• THE TASK
For the entries below, copy exactly the line that contains "The Seema Malakaya on Navam Perahera night" through the line that contains "Judith Escribano/HelpAge International", both ends included, and exclude all pictures.

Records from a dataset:
====

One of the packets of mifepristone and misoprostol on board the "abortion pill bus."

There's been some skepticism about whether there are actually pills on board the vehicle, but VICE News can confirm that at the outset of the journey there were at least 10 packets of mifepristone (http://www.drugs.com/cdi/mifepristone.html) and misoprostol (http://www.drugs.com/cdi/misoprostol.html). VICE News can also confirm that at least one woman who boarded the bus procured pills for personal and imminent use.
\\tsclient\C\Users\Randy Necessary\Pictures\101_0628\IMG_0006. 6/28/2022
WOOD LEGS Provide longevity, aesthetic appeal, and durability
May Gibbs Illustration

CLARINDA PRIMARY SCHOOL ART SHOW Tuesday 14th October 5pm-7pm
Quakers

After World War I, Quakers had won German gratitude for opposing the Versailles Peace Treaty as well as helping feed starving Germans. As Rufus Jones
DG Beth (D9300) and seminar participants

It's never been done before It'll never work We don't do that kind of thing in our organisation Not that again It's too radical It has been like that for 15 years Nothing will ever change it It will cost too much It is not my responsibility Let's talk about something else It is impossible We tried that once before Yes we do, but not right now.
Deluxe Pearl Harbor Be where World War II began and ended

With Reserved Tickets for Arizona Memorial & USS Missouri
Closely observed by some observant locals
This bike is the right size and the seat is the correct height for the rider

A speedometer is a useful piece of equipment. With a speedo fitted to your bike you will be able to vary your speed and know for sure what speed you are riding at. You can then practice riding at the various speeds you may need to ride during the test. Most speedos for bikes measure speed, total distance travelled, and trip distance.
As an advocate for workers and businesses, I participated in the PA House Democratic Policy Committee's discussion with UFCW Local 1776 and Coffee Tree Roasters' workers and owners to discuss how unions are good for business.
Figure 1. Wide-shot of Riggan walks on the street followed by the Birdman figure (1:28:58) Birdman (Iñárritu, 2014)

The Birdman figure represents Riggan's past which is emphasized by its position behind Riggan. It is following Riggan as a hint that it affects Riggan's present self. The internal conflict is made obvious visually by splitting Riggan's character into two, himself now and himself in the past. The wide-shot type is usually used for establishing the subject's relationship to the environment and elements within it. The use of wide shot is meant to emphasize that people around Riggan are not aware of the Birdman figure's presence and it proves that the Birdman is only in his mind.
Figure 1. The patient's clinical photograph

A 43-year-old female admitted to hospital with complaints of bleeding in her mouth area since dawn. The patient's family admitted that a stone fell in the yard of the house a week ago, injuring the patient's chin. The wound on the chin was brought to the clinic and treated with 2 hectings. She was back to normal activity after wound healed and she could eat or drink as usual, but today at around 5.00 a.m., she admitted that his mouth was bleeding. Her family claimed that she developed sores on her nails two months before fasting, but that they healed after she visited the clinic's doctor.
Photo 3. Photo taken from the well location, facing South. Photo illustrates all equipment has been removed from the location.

====

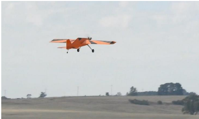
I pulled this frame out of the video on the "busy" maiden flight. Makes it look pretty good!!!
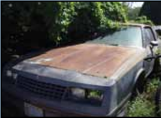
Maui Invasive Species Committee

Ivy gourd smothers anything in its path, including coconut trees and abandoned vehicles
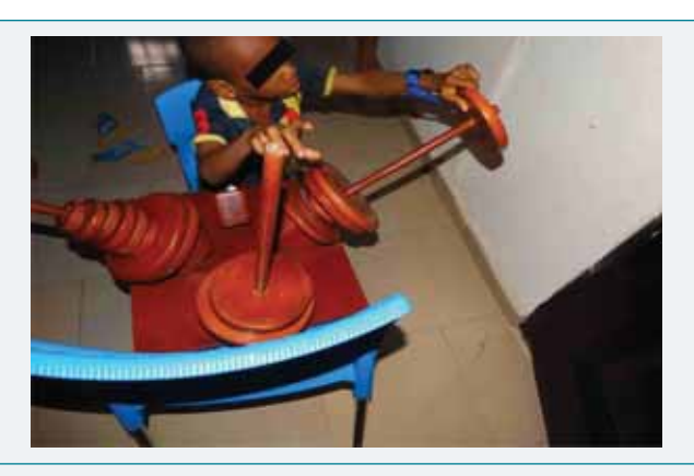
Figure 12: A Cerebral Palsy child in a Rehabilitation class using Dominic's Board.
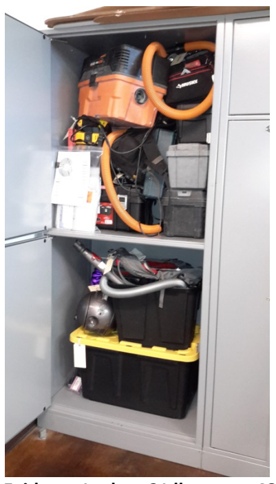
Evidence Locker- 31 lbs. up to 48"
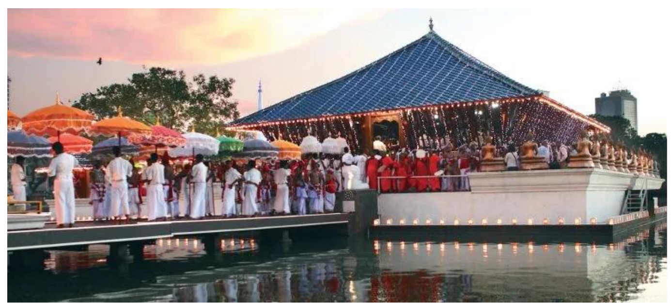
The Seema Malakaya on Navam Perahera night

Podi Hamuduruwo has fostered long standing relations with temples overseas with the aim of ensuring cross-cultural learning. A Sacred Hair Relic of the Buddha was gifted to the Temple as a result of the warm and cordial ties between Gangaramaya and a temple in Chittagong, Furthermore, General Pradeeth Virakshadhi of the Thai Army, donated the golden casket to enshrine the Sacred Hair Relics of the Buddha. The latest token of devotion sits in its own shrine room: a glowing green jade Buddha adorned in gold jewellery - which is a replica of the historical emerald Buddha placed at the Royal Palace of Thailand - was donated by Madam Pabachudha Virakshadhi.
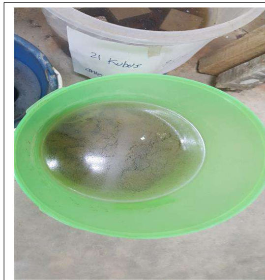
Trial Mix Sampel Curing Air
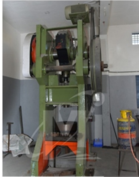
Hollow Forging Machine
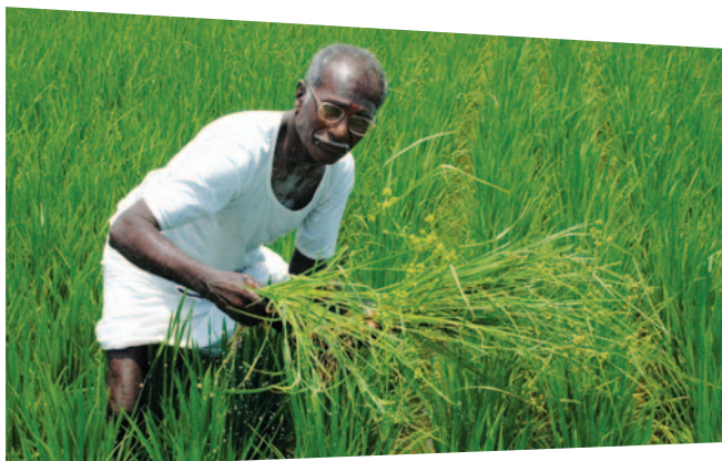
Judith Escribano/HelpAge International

====

• EXERCISE RESPONSE
The Seema Malakaya on Navam Perahera night

Podi Hamuduruwo has fostered long standing relations with temples overseas with the aim of ensuring cross-cultural learning. A Sacred Hair Relic of the Buddha was gifted to the Temple as a result of the warm and cordial ties between Gangaramaya and a temple in Chittagong, Furthermore, General Pradeeth Virakshadhi of the Thai Army, donated the golden casket to enshrine the Sacred Hair Relics of the Buddha. The latest token of devotion sits in its own shrine room: a glowing green jade Buddha adorned in gold jewellery - which is a replica of the historical emerald Buddha placed at the Royal Palace of Thailand - was donated by Madam Pabachudha Virakshadhi.
Trial Mix Sampel Curing Air
Hollow Forging Machine
Judith Escribano/HelpAge International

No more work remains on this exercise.